NF-κB is a key transcription factor that regulates the expression of inflammation-related genes such as inflammatory cytokines, MHC molecules and cell adhesion molecules.59–61 BTZ is effective at inhibiting the activation of NF-κB.44,62 Considering the incredible stability of IDO1 in 25 IU/mL IFN-γ-primed MSCs, we hypothesized that IDO1 might be less affected by proteasomal degradation compared to NF-κB. Indeed, BTZ increased the levels of IDO1 and L-Kyn in MSCs treated with a combination of 25 IU/mL IFN-γ and BTZ but downregulated the expression of HLA-DR, IL6, TNF, IL8, and VCAM1 (Fig. 3), confirming that BTZ can prevent NF-κB activation but it is not involved in IDO1 stability and expression. Xenotransplantation of human MSCs primed in such a way effectively blocked the progression of lung and colon inflammation (Figs. 4 and 6) without any evident side effects. Further validation of our newly established preconditioning protocol will be needed for its clinical application. In sum, our results showed that short-term treatment with a low dose of IFN-γ in combination with bortezomib renders human MSCs more favorable for cell therapy of inflammatory diseases. However, caution should be taken in interpreting our results. For example, considering that the immunomodulatory effect of MSCs is mediated by mononuclear phagocytes engulfing them in the lung,63 it was surprising that our unprimed MSCs minimally ameliorated IPS and chronic colitis (Figs 4 and 6). Although these cells MSCs indeed inhibited expression of some proinflammatory cytokine genes in our disease models (Figs 4D and 6E), infusion of γbMSCs but not of unprimed MSCs were required to significantly upregulate immunosuppressive genes, such as Il10, Foxp3 and Entpd1, in inflamed tissues (Figs 4D and 6E). Therefore, γbMSCs were likely to release sufficient L-Kyn before phagocytosis and to induce regulatory immune cells that suppressed tissue inflammatory responses. This interpretation will be needed to be tested in the future.
Conclusion
Preconditioning of human MSCs with a combination of a low dose of IFN-γ and bortezomib increases release of L-Kyn by increasing the expression IDO1 but decrease that of HLA-DR, VCAM1 and inflammatory cytokines.
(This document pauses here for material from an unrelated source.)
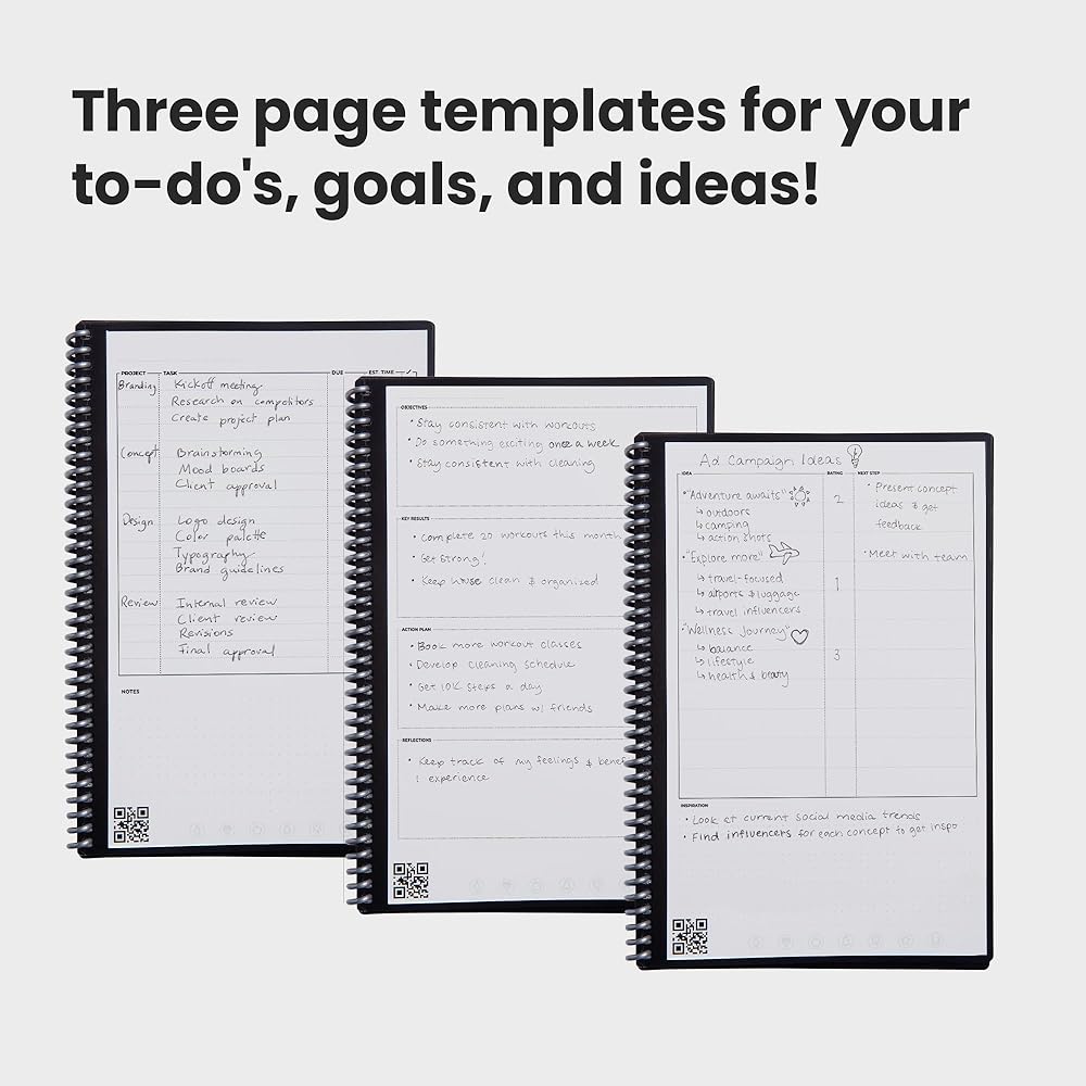 The Rocketbook Fusion Plus is the ultimate, all-in-one notebook and a more versatile and robust version of the popular and best-selling Rocketbook Fusion. The Rocketbook Fusion Plus is a notebook and planner combination that was designed for value-driven working professionals who prefer all-in-one solutions. Built with more pages than our standard Rocketbook Fusion, the Fusion Plus has 60 reusable pages (30 sheets) and is packed with 11 templates. These templates consist of Project Management, Monthly Goals, Lists, Monthly Planner, Weekly Planner, Custom Table, Meeting Notes, Lined, Dot-Grid, Graph, and Blank layouts. Our signature, reusable paper allows you to write smoothly with the included Pilot FriXon pen, then magically wipe note clean with a damp cloth and reuse again and again. Plus, the free Rocketbook app is compatible with the Fusion Plus so that you can blast your notes, schedule, to-do lists, etc. to the cloud for optimal organization.

Such primed MSCs are effective at inhibiting the progression of chronic colitis and idiopathic pneumonia syndrome without evident side effects in xenotransplantation models, indicating that our newly established protocol for MSC preconditioning may provide a basis for the safer and more effective treatment of inflammatory diseases.
Acknowledgments
This work was supported by the 2016 creative research program of Inje University to S.K.S. and the National Research Foundation of Korea (NRF) grants funded by the Korea government (NRF-2018R1A5A2021242 to S.K.S.; NRF-2020M33A9D30378911 to B.K.).
Conflict of Interest
The authors indicated no potential conflicts of interest.
Author Contributions
H.Y.P., B.K., and S.K.S. designed experiments; H.Y.P., C.E.K., S.M.L., E.H.Y., M.Y, J.M.K., J. B., J.M.A. performed experiments; D.H.P., W.H.J. contributed to study design and data analysis; H.Y.P., B.K., and S.K.S. wrote the paper.
Data Availability
The data that support the findings of this study are available from the corresponding author upon request.